Tekrar konumuza dönecek olursak “ferâsetli siyâset”in nasıl olması gerektiğini bir kıssa ile anlatmaya çalışacağım.İşte kıssa: “Bir çiftçi alır karasabanını tarlaya çift sürmeye gider. Öküzleri gören aslan -aç olduğu için- öküzlerden birisini parçalayıp yemeyi düşünür. Bunu sezen çiftçi aslanla pazarlığa girişir ve derki;-Gel sen bu öküzümü yeme, ben garibanın biriyim, eğer öküzümün birisini yersen bu tarlayı süremem çocuklarım aç kalır, bu ısrarından vazgeç sana bir koyun getiririm…” der.Aslan bu teklifi uygun bulur ve çiftçiye, “peki” der. İşte burada “ferâsetli siyâset” devreye girer.
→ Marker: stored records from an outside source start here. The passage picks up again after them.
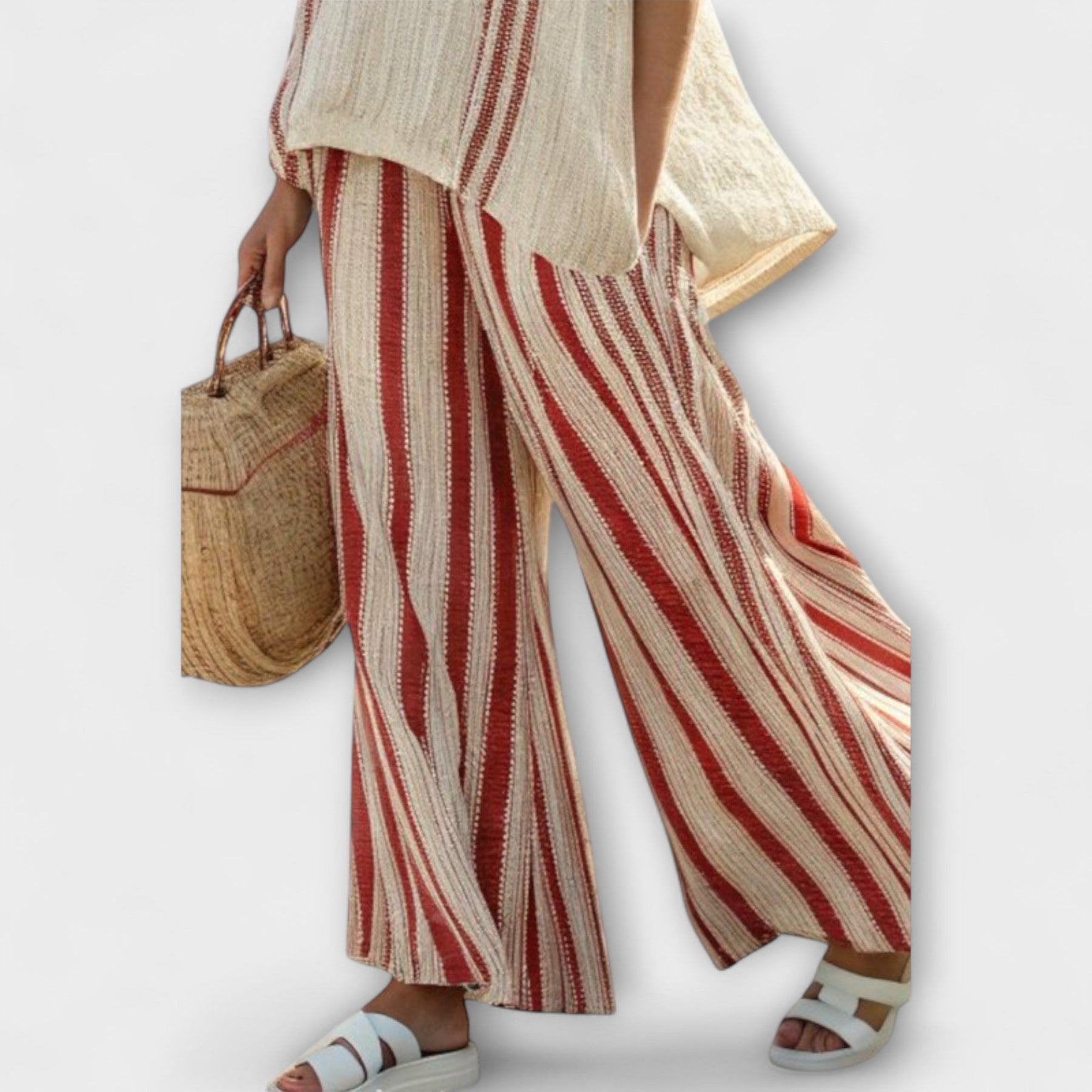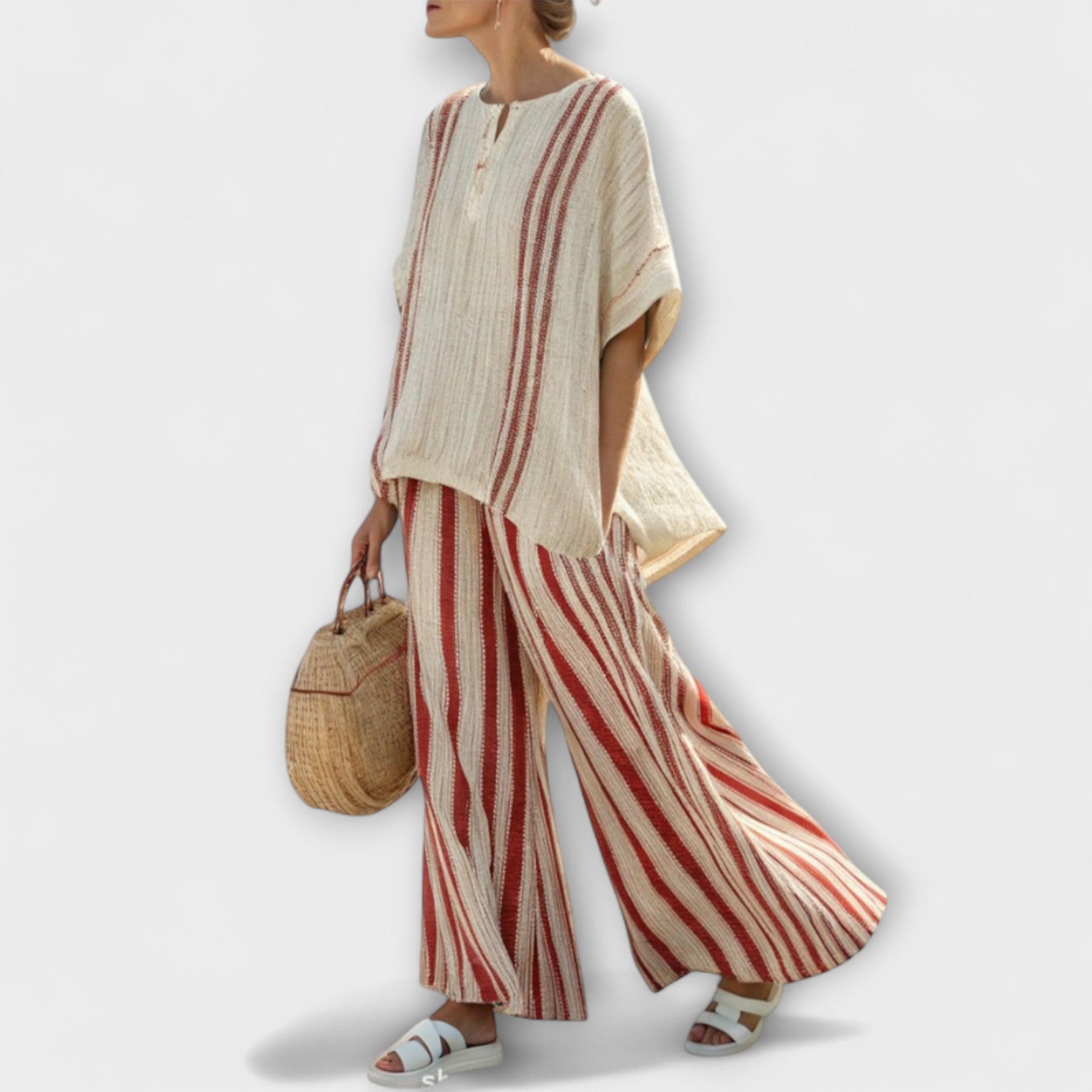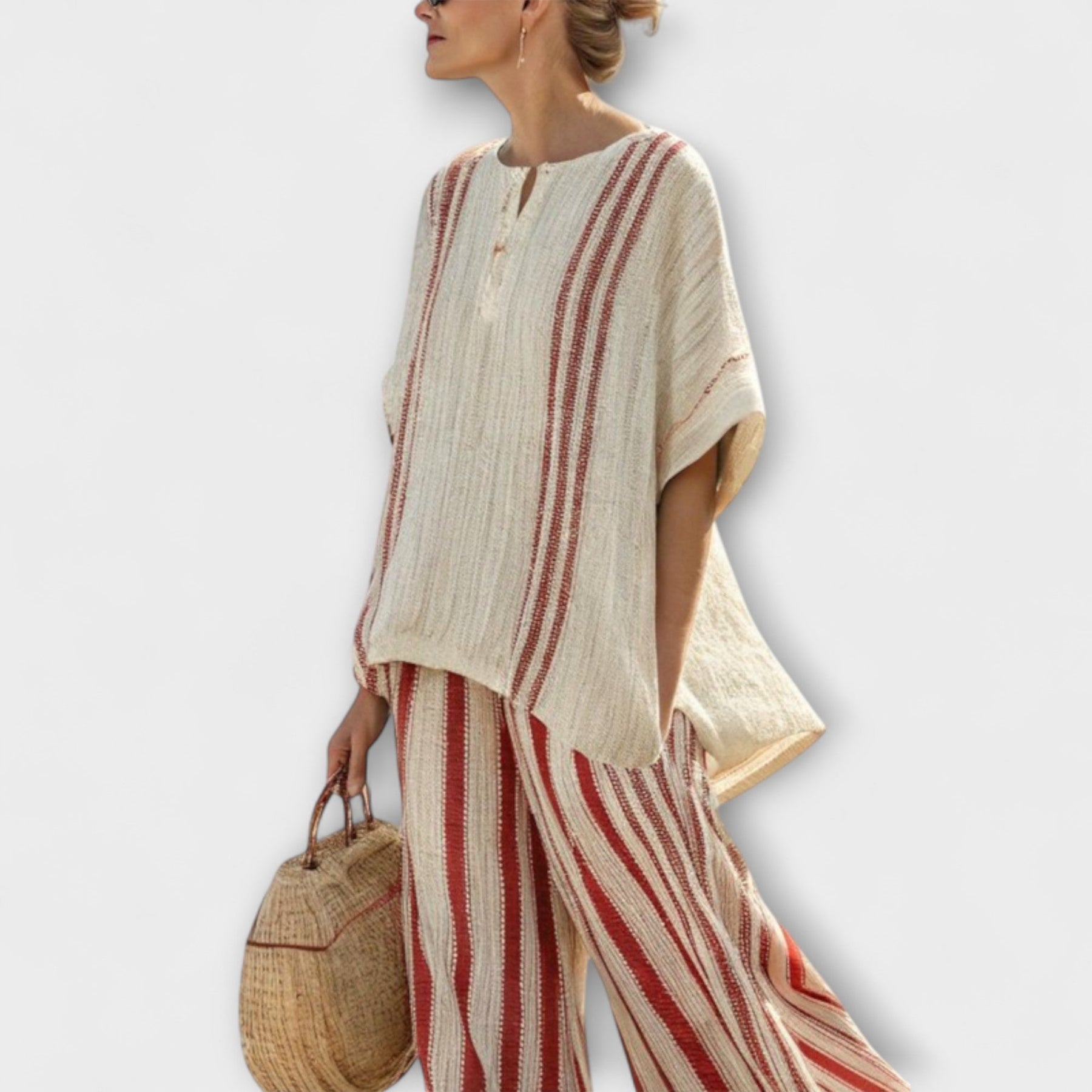 Experience Coastal Relaxation with the Daisy Set, designed for comfort and style. This chic ensemble features a loose-fitting blouse with a flattering V-neck and wide-leg pants adorned with vertical stripes that elongate your figure.
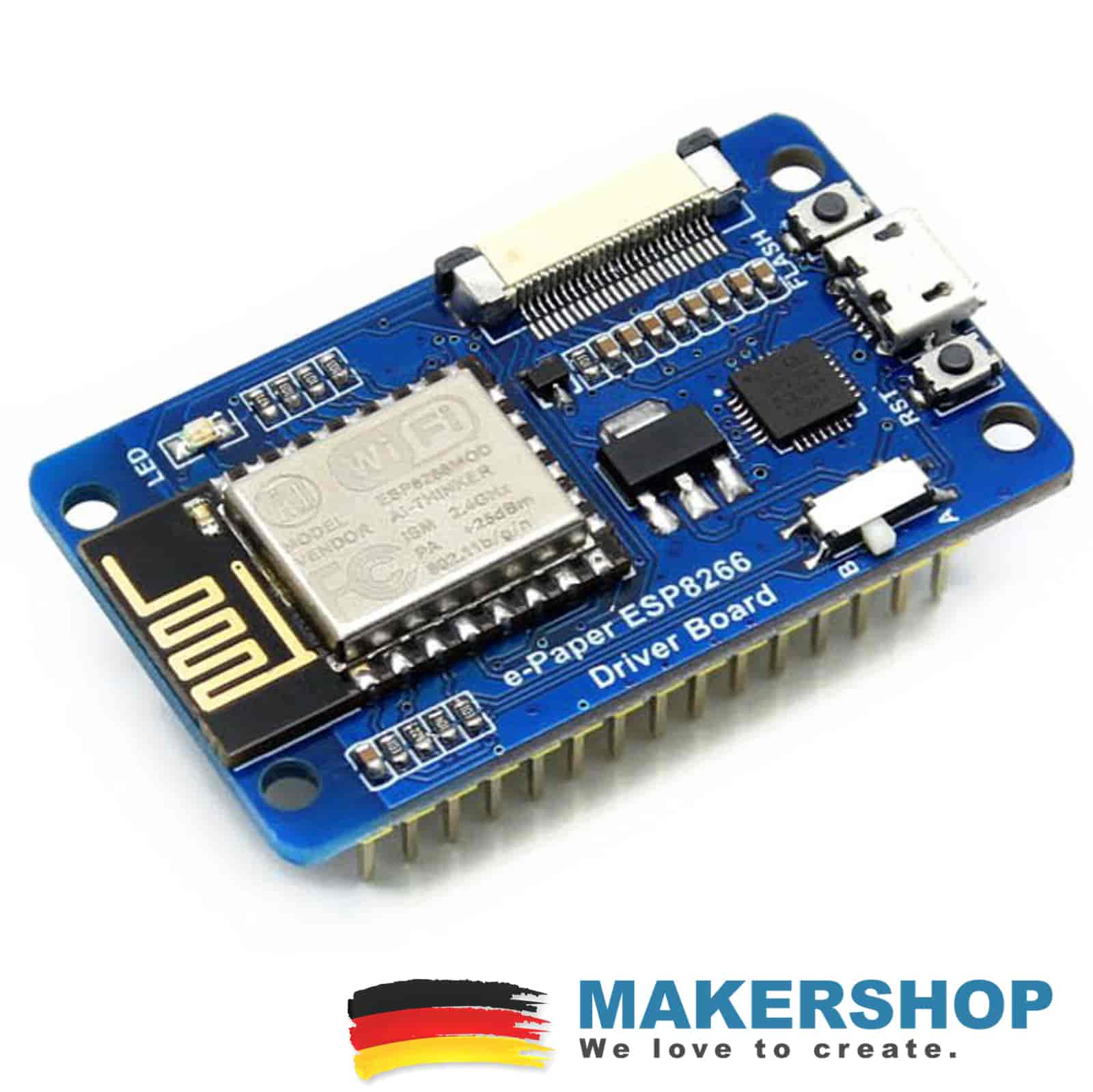 Dieses Board auf Basis des ESP8266 ermöglicht es die E-Paper Raw Displays von Waveshare mit wenig Aufwand ins WiFi zu bringen. Auf diese Weise können die Displays z.B. von einem PC im WLAN oder Smartphone gesteuert werden. Darüber hinaus ist es möglich den ESP8266 wie ein Arduino zu nutzen und ihn auch so zu programmieren, um so Texte oder Grafiken auf den Displays darzustellen.
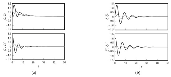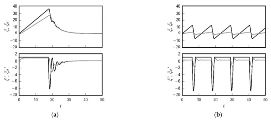 Focusing on the results in Figure 11a, it can be seen that the area of stick-slip occurrence is overwhelmingly narrower than in other conditions, which is a characteristic result. Figure 12 shows the time variations of dimensionless displacements ξ and ξa and dimensionless velocities and under λ = 1, ζ = 0.01. Under these conditions, stick-slip does not occur in either case and the initial fluctuations decrease and decay with time. A closer look reveals that for K = Kopt/2, i.e., Figure 12a, the oscillations of the main vibration system (black line) and the secondary vibration (DVA) system (gray line) are nearly in opposite phases. On the other hand, in case K = kopt × 2, i.e., Figure 12b, each mass point is oscillating in perfectly in-phase. Figure 13 shows the time variations of dimensionless displacements ξ and ξa and dimensionless velocities and under λ = 10, ζ= 0.01. In Figure 13a, stick-slip does not occur, but in Figure 13b, stick-slip is observed. This corresponds to the fact that in Figure 11, the stick-slip region is wide for K = kopt × 2 and extremely narrow for K = Kopt/2. From the above, it can be seen that the vibration modes have a significant effect on the stick-slip suppression observed in Figure 11a. In the case of K = Kopt/2, the two masses oscillate in opposite phases as a second-order mode, and their motions cancel each other out to produce the stick-slip suppression effect. In this case, stick-slip can be suppressed even at a higher λ than the condition predicted by the stick-slip occurrence discriminant formula shown in Equation (37). In other words, by setting the phases of the two masses well, it is possible to obtain a large vibration suppression effect beyond the vibration suppression effect of a general dynamic absorber. Although this effect is not discussed in depth in this study, it is considered to be an important finding for stick-slip suppression in 2DOF vibration systems.

Çiftçi, “Ben sana bir koyun getirmeye gideceğim ama ben gelinceye kadar öküzün birini yemeyeceğin ne mâlum…” dediğinde aslan “-Ne yapmamı istiyorsun” der. Çiftçi de, “-Gel seni şu iple şu ağaca bağlayalım, ben gelene kadar sen orda bekle” dediğinde, aslan bu teklifi kabul eder.Çiftçi aslanı kaçamayacak şekilde ağaca bağladıktan sonra, eline bir sopa alarak yer misin, yemez misin diyerek aslanın işini bitirir…” Gerekli olan da budur. İşte bunları bilen çiftçi öküzünü, koyununu kurtardığı gibi süper güç durumundaki aslanı hâlletmesini de bilmiştir… İşte siyâset,İşte ferâset,İşte bâsîret.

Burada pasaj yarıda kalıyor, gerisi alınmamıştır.